WHAT TO PRODUCE: Retype, word for word, only the lines from the one containing "6 sabelli antichi" through the last line of the listing below. Pictures do not belong in the result.

====

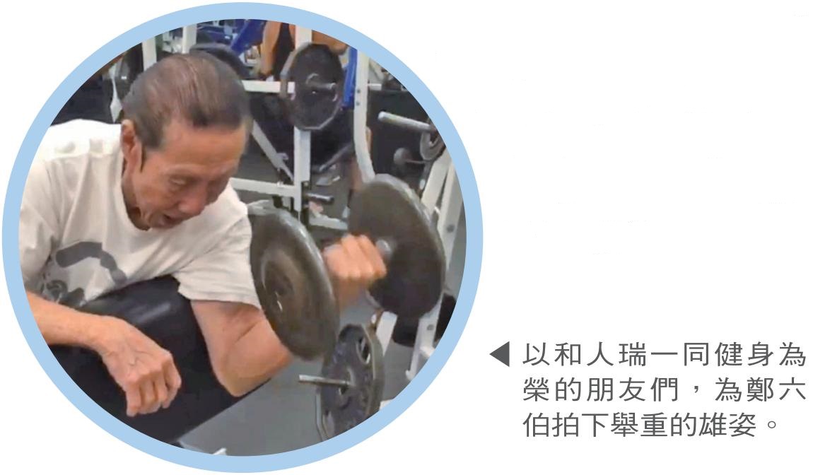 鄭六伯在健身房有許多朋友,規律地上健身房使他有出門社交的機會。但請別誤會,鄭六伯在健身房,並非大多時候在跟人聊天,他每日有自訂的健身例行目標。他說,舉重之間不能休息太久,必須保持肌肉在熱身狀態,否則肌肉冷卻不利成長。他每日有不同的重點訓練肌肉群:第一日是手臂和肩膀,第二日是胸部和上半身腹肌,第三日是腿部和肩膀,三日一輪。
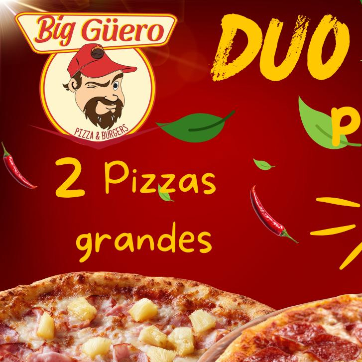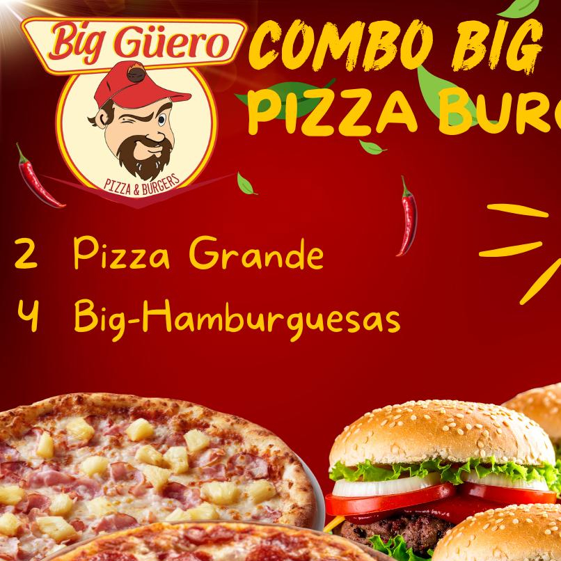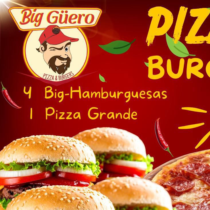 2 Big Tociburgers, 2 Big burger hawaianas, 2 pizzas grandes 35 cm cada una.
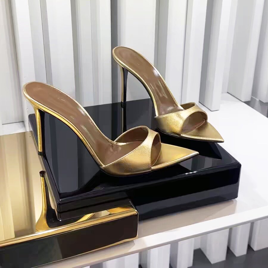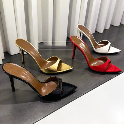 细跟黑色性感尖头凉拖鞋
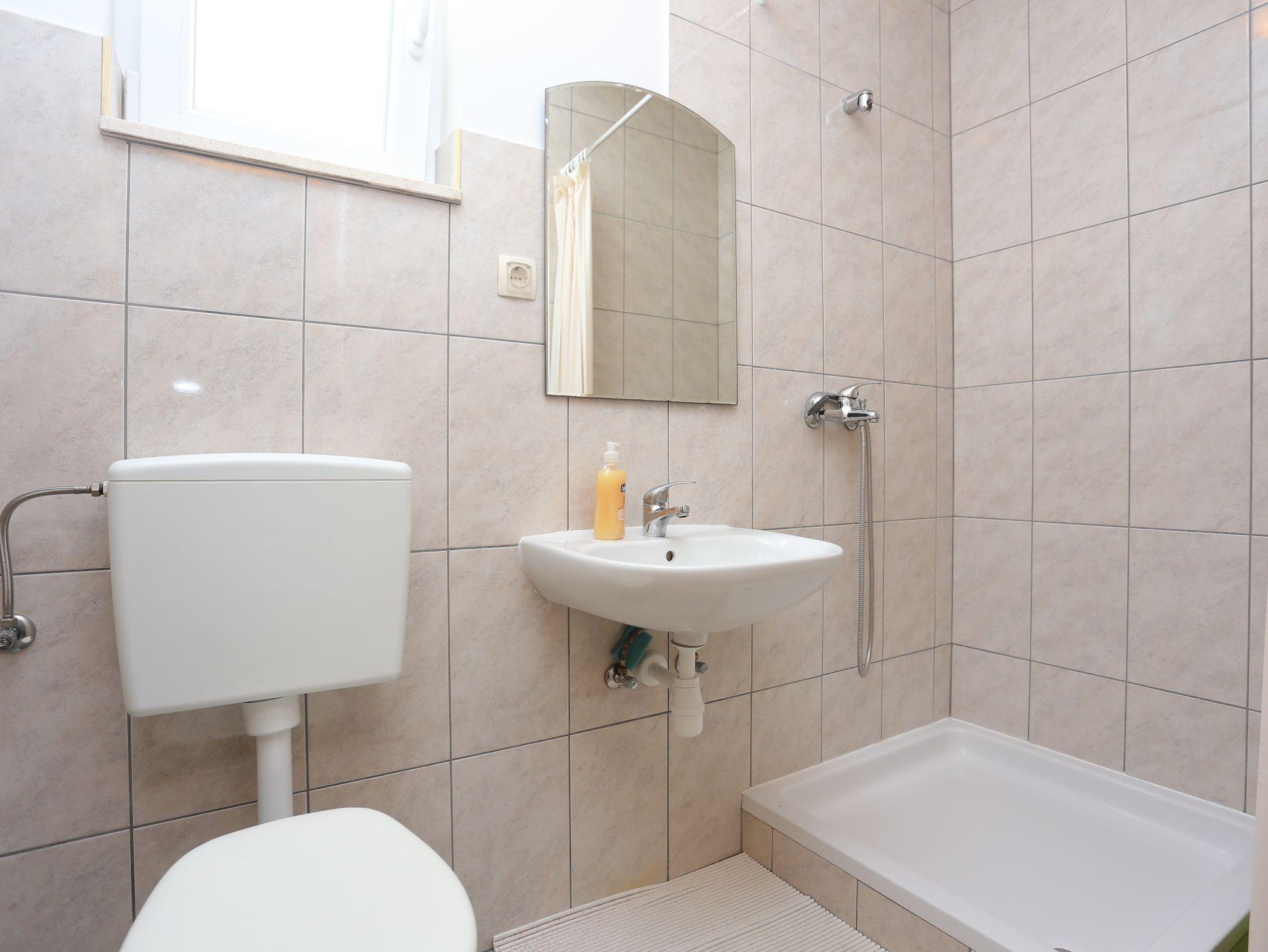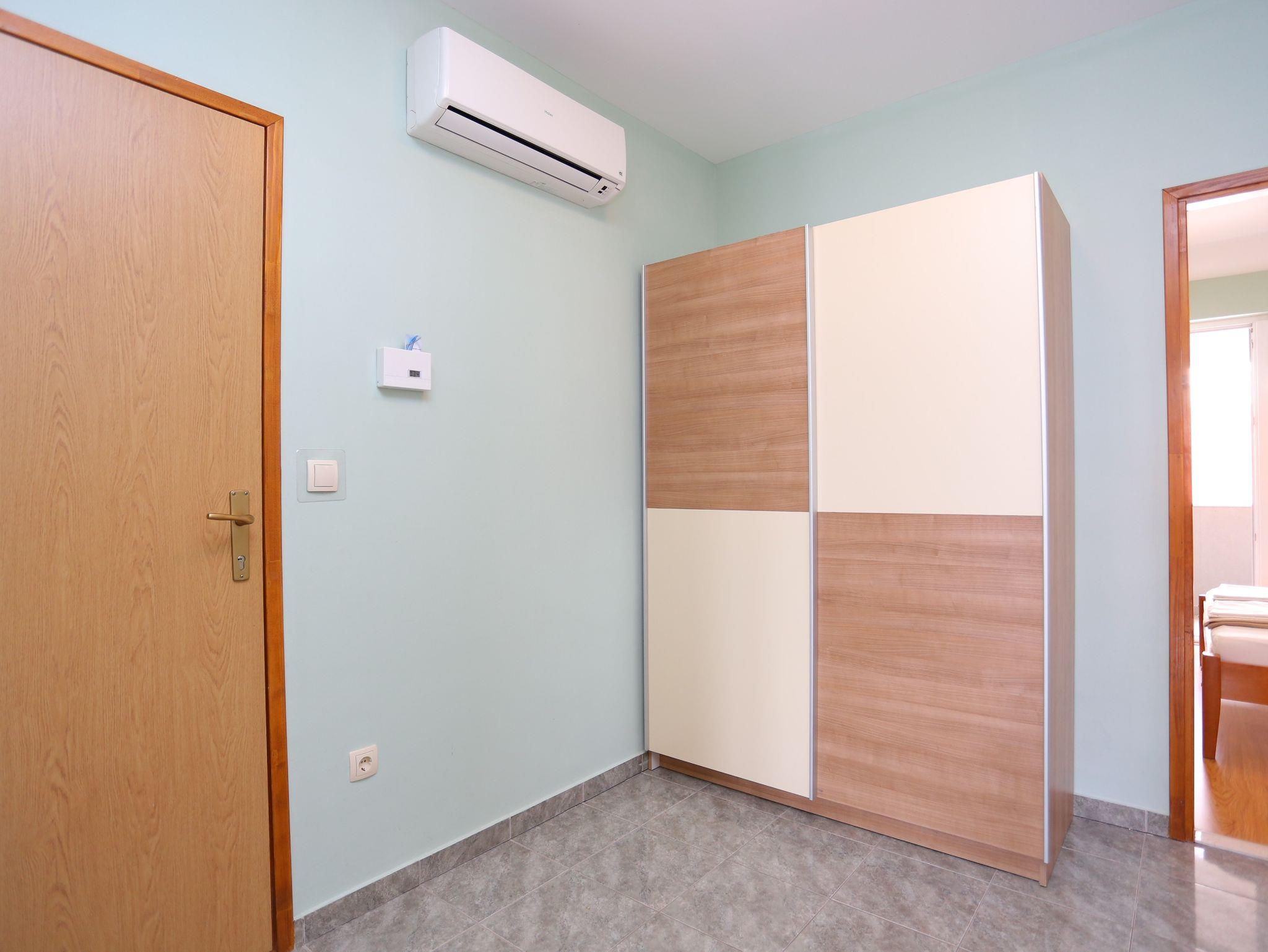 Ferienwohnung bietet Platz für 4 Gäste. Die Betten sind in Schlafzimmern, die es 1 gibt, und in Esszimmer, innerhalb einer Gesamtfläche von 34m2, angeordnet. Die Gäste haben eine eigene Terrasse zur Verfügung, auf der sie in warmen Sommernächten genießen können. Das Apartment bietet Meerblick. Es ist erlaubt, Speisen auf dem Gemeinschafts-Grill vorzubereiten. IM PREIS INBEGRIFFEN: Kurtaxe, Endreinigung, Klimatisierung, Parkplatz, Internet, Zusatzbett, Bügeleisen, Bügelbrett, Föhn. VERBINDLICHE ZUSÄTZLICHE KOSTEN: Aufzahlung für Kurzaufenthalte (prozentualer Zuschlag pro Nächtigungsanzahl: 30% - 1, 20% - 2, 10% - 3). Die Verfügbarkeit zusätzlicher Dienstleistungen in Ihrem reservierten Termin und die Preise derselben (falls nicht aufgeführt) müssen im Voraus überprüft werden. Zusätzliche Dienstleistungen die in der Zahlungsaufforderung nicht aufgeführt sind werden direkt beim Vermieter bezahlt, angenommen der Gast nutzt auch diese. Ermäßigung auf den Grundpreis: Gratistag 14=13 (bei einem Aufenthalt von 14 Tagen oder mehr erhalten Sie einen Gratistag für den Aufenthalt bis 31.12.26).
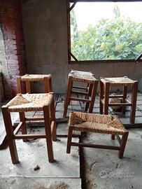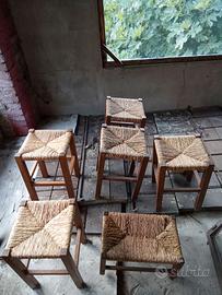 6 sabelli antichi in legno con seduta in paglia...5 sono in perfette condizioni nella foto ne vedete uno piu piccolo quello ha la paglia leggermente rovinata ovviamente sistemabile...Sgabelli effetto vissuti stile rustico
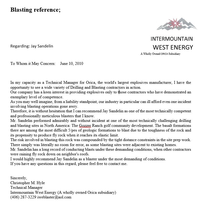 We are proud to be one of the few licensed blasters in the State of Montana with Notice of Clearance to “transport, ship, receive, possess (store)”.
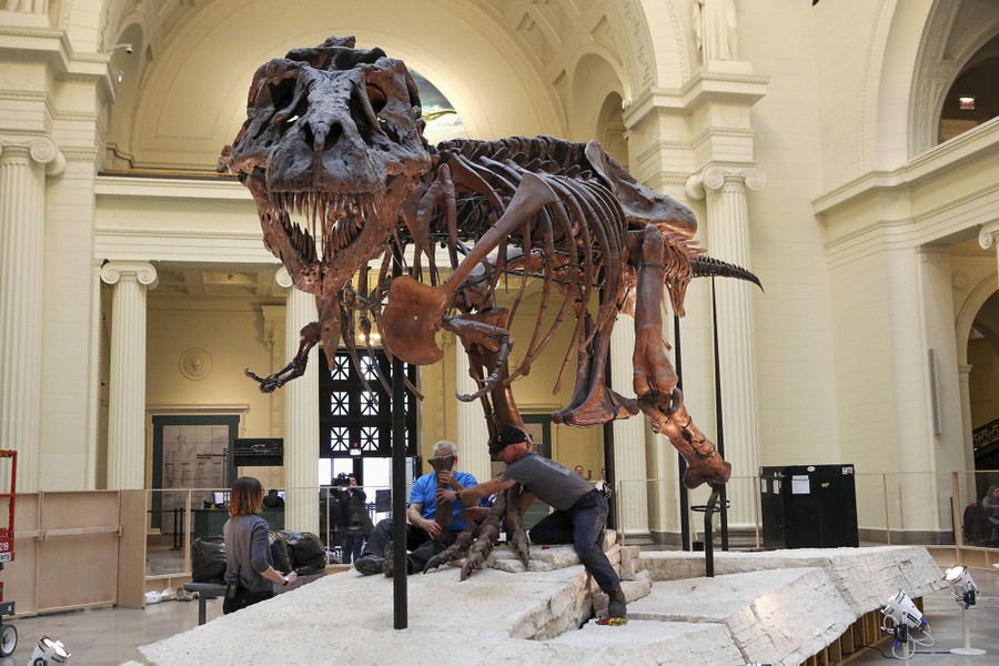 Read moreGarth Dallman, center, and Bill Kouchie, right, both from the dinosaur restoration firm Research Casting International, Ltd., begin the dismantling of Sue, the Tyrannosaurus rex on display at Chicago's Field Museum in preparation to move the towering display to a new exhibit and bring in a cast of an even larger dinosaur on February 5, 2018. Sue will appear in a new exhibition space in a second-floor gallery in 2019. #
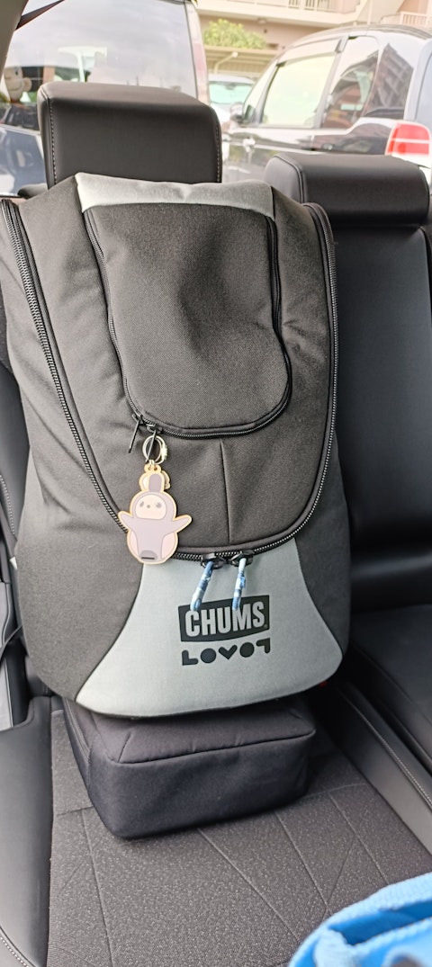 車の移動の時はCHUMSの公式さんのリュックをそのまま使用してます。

====

RESULT FOR THIS TASK:
 6 sabelli antichi in legno con seduta in paglia...5 sono in perfette condizioni nella foto ne vedete uno piu piccolo quello ha la paglia leggermente rovinata ovviamente sistemabile...Sgabelli effetto vissuti stile rustico
 We are proud to be one of the few licensed blasters in the State of Montana with Notice of Clearance to “transport, ship, receive, possess (store)”.
 Read moreGarth Dallman, center, and Bill Kouchie, right, both from the dinosaur restoration firm Research Casting International, Ltd., begin the dismantling of Sue, the Tyrannosaurus rex on display at Chicago's Field Museum in preparation to move the towering display to a new exhibit and bring in a cast of an even larger dinosaur on February 5, 2018. Sue will appear in a new exhibition space in a second-floor gallery in 2019. #
 車の移動の時はCHUMSの公式さんのリュックをそのまま使用してます。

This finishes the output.